◆ **Data extracted from a collection**:
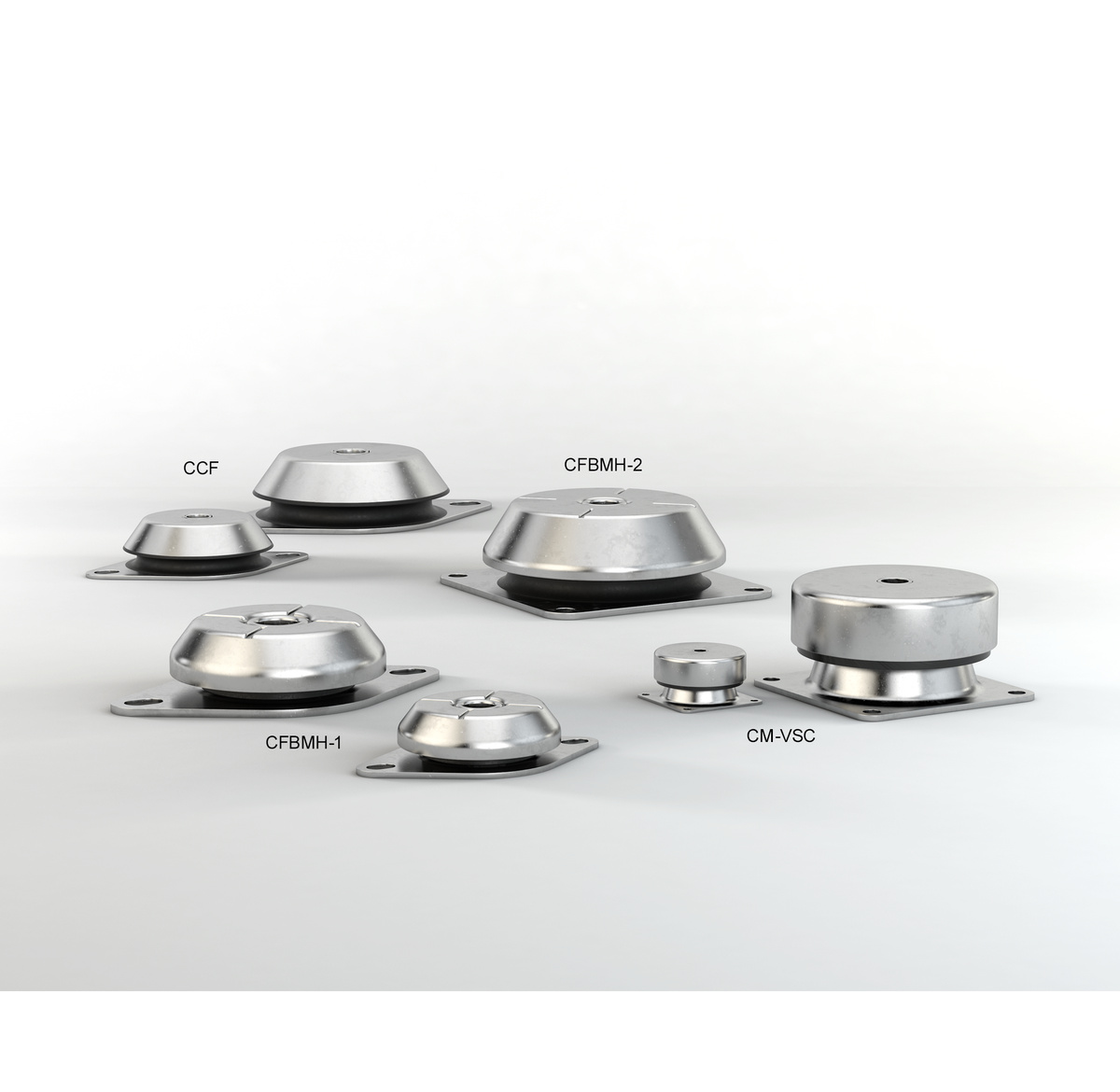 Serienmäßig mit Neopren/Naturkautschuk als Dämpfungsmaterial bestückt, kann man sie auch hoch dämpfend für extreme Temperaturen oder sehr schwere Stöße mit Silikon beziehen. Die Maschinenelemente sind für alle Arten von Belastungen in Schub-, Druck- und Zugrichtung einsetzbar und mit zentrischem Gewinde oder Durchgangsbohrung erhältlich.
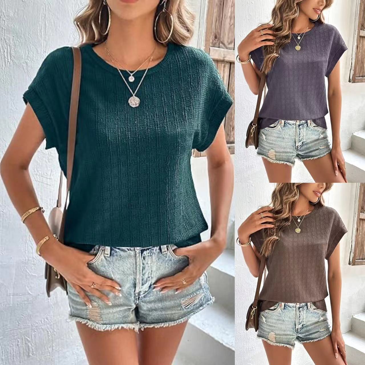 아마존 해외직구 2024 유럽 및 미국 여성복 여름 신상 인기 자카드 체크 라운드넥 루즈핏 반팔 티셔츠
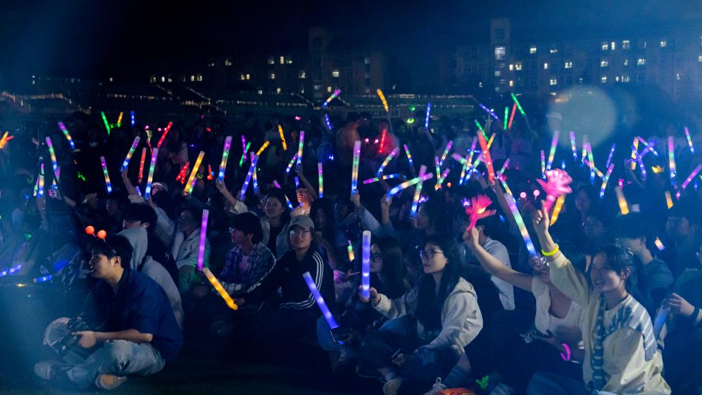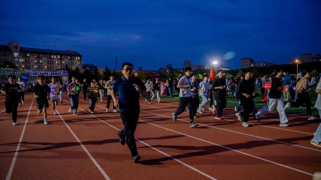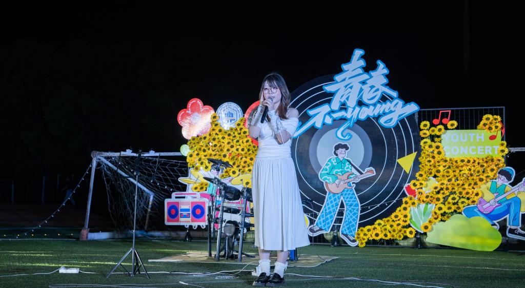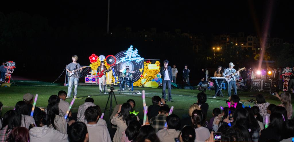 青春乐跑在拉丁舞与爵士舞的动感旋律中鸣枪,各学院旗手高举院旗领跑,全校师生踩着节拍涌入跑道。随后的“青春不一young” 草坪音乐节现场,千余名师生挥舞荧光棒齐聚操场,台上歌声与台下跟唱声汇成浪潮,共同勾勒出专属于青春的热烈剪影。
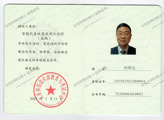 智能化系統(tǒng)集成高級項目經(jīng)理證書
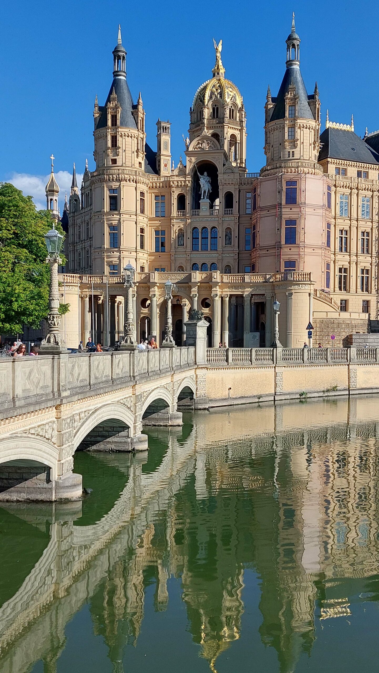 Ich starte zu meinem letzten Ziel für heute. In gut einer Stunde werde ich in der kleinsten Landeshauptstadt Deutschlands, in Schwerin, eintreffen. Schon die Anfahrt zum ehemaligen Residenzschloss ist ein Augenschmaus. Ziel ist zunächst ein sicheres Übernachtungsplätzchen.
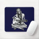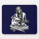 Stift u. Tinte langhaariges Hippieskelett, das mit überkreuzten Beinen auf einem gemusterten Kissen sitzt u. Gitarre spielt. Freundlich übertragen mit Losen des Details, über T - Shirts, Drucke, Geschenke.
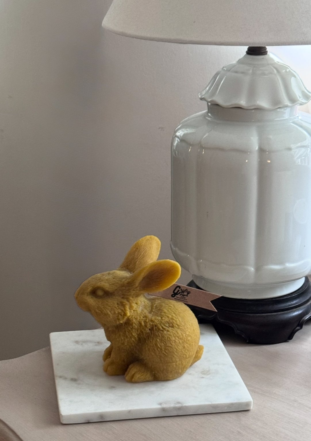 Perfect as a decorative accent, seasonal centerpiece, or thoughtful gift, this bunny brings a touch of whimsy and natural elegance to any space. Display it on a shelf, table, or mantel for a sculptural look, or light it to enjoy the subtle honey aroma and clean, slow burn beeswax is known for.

◆ **ACTIVITY**:
Starting at the line with "青春乐跑在拉丁舞与爵士舞的动" in the entries above, write out every line exactly until the line with "Stift u. Tinte" has been written. Include no pictures and nothing more.

◆ **EXERCISE OUTPUT**:
 青春乐跑在拉丁舞与爵士舞的动感旋律中鸣枪,各学院旗手高举院旗领跑,全校师生踩着节拍涌入跑道。随后的“青春不一young” 草坪音乐节现场,千余名师生挥舞荧光棒齐聚操场,台上歌声与台下跟唱声汇成浪潮,共同勾勒出专属于青春的热烈剪影。
 智能化系統(tǒng)集成高級項目經(jīng)理證書
 Ich starte zu meinem letzten Ziel für heute. In gut einer Stunde werde ich in der kleinsten Landeshauptstadt Deutschlands, in Schwerin, eintreffen. Schon die Anfahrt zum ehemaligen Residenzschloss ist ein Augenschmaus. Ziel ist zunächst ein sicheres Übernachtungsplätzchen.
 Stift u. Tinte langhaariges Hippieskelett, das mit überkreuzten Beinen auf einem gemusterten Kissen sitzt u. Gitarre spielt. Freundlich übertragen mit Losen des Details, über T - Shirts, Drucke, Geschenke.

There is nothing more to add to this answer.